Problems with RNN | 100 Days of Deep Learning
Based on CampusX's video on YouTube. If you like this content, support the original creators by watching, liking and subscribing to their content.
Vanilla RNNs struggle on long sequences because gradients from far-back time steps shrink (vanishing gradients), making learning rely mostly on recent inputs.
Briefing
RNNs struggle with two training failures that get worse as sequences get longer: long-term dependency learning breaks down, and gradients can become unstable during backpropagation through time. Those twin problems explain why more gated architectures like LSTMs became necessary—and why vanilla RNNs aren’t widely used for tasks that require remembering information across many time steps.
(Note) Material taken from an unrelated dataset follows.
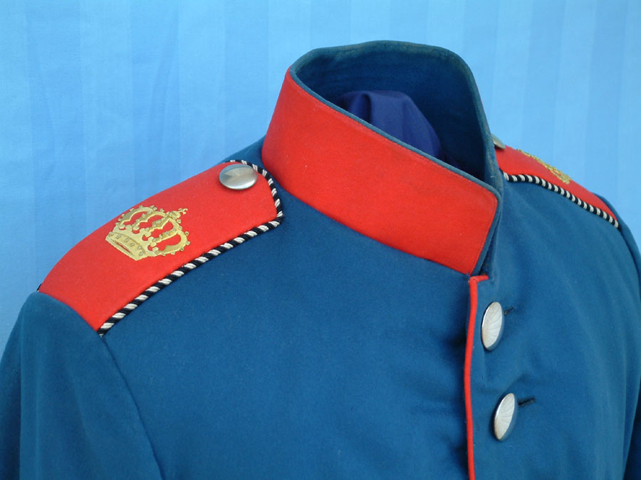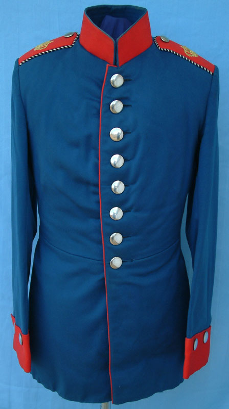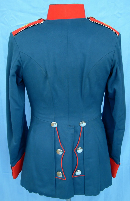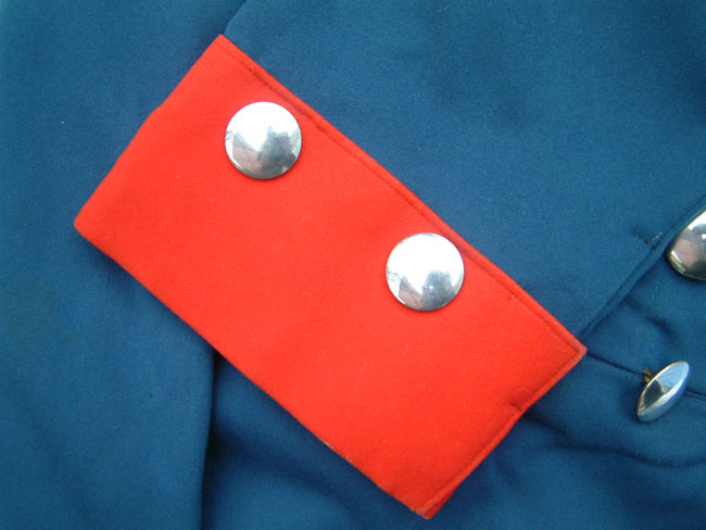 The facing color for DR Nr. 20 was red and is reflected by the red collar, cuffs, shoulder straps, and piping down the front pane and rear skirt.

The first issue is the long-term dependency problem. In sequential data, later outputs depend on earlier inputs—think of language where the next word depends on context from far back. But when an RNN is trained with backpropagation through time, the influence of distant time steps on the loss shrinks. The mechanism is tied to vanishing gradients: during gradient computation, the contribution from far-back dependencies becomes extremely small, so learning mostly reflects recent inputs. A practical example given is next-word prediction in Marathi: the word “beautiful place” depends on earlier context, yet an RNN can effectively “forget” older information because it can’t propagate useful error signals across many steps.
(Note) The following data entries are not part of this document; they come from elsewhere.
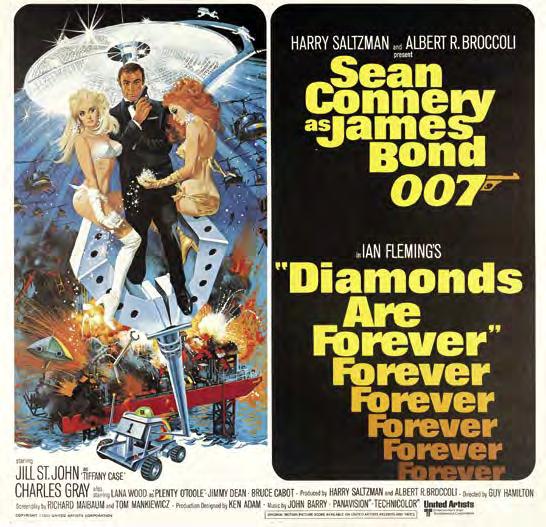 Diamonds Are Forever (1971) marked a return to form and the end of an era for the James Bond franchise; after producers refused to meet leading man Sean Connery’s salary demands following You Only Live Twice, he was replaced by Australian model George Lazenby for 1969’s On Her Majesty’s Secret Service. While the 1969 film is one of the best in the series, audiences just didn’t take to the new guy onscreen. When Lazenby went rogue and announced he wouldn’t return to the part of the world’s most famous secret agent, producers Cubby Broccoli and Harry Saltzman found themselves over a barrel; they needed a Bond, and quickly—a Bond who could right the franchise’s sinking prospects as the Sixties spy craze waned and drew its final breaths. The duo lured a visibly aging Connery back for one last hurrah as MI6 agent 007, and sent him stateside to get to the bottom of a diamond smuggling ring that smacked of old nemeses SPECTRE [Special Executive for Counter-Intelligence, Terrorism, Revenge and Extortion; herewith Spectre —ed.]. Along the way, Bond gets pulled into their bid to use the assets and influence of reclusive billionaire Willard Whyte to hold the world hostage with a killer laser weapon satellite made with the diamonds.
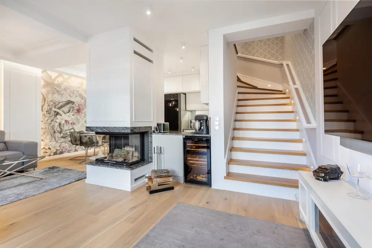 Centralne miejsce parteru zajmuje trójstronny kominek. Przytulny i zarazem elegancki charakter wnętrza podkreślają zastosowane w projekcie wysokiej jakości materiały. Kamienne blaty, hiszpańskie płytki, dębowe podłogi i schody oraz meble robione na indywidualne zamówienie – te wszystkie elementy tworzą niepowtarzalną aurę projektu a także są gwarantem ponadczasowego i nieulegającemu wpływowi zmiennych trendów piękna.
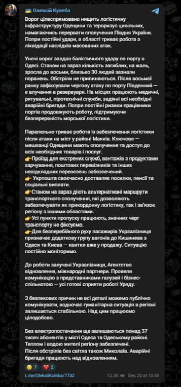 Об этом заявил вице-премьер-министр Украины Алексей Кулеба, комментируя последние удары по Одесской области.

The transcript also frames this mathematically. When gradients are traced back through many time steps, the long-range derivative terms multiply repeatedly by factors that end up near zero. As the number of time steps grows, the long-term derivative terms compress toward zero, leaving short-term terms to dominate the gradient. The result is that the model’s updates don’t meaningfully encode information from far in the sequence.
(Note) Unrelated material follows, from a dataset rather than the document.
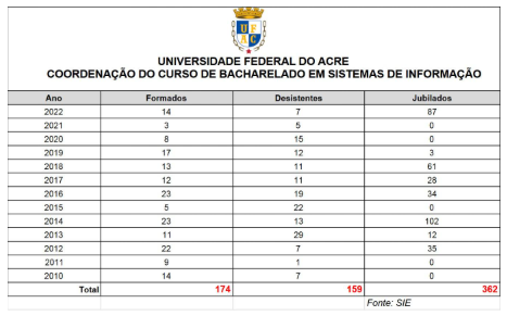 Com base em informações obtidas diretamente da Coordenação do Curso de Sistemas de Informação, é evidente uma elevada taxa de desistência e uma baixa taxa de formação de profissionais durante o período de 2010 a 2022. Nesse intervalo de tempo, foram registradas 159 desistências e 362 jubilamentos, enquanto apenas 174 estudantes conseguiram concluir o curso.

The second issue is unstable training caused by exploding gradients. In some setups, the repeated multiplication during backpropagation through time can instead grow rapidly. If the effective derivatives are large (for example, due to certain weight values or an overly aggressive learning rate), gradients can blow up, pushing weights toward extremely large values and preventing the model from converging.
To reduce these problems, the transcript lists three broad mitigation strategies for vanishing gradients: using different activation functions so derivatives don’t collapse toward zero; initializing weights in a way that avoids problematic dynamics (for instance, using identity-like behavior via identity matrices or better initialization schemes); and architectural tweaks such as adding skip connections (mentioned as a direction to look up). For exploding gradients, the key fix is gradient clipping—capping gradient values at a maximum threshold so updates don’t run away.
Finally, the discussion connects these failure modes to why LSTMs are widely adopted. LSTMs introduce gating mechanisms designed to preserve information over long horizons and stabilize gradient flow, making them far more reliable than plain RNNs for real-world sequence tasks like language and time-series prediction.
Cornell Notes
Vanilla RNNs face two major training obstacles on long sequences: vanishing gradients and exploding gradients. Vanishing gradients make the loss signal from far-back time steps shrink toward zero, so learning becomes dominated by recent inputs and long-term context is effectively lost. Exploding gradients can instead grow rapidly through repeated backpropagation through time, driving weights to very large values and stopping convergence. The transcript outlines mitigations such as changing activation functions, using better weight initialization (including identity-like approaches), and applying gradient clipping. These issues motivate gated architectures like LSTMs, which are built to keep information and gradients stable across many time steps.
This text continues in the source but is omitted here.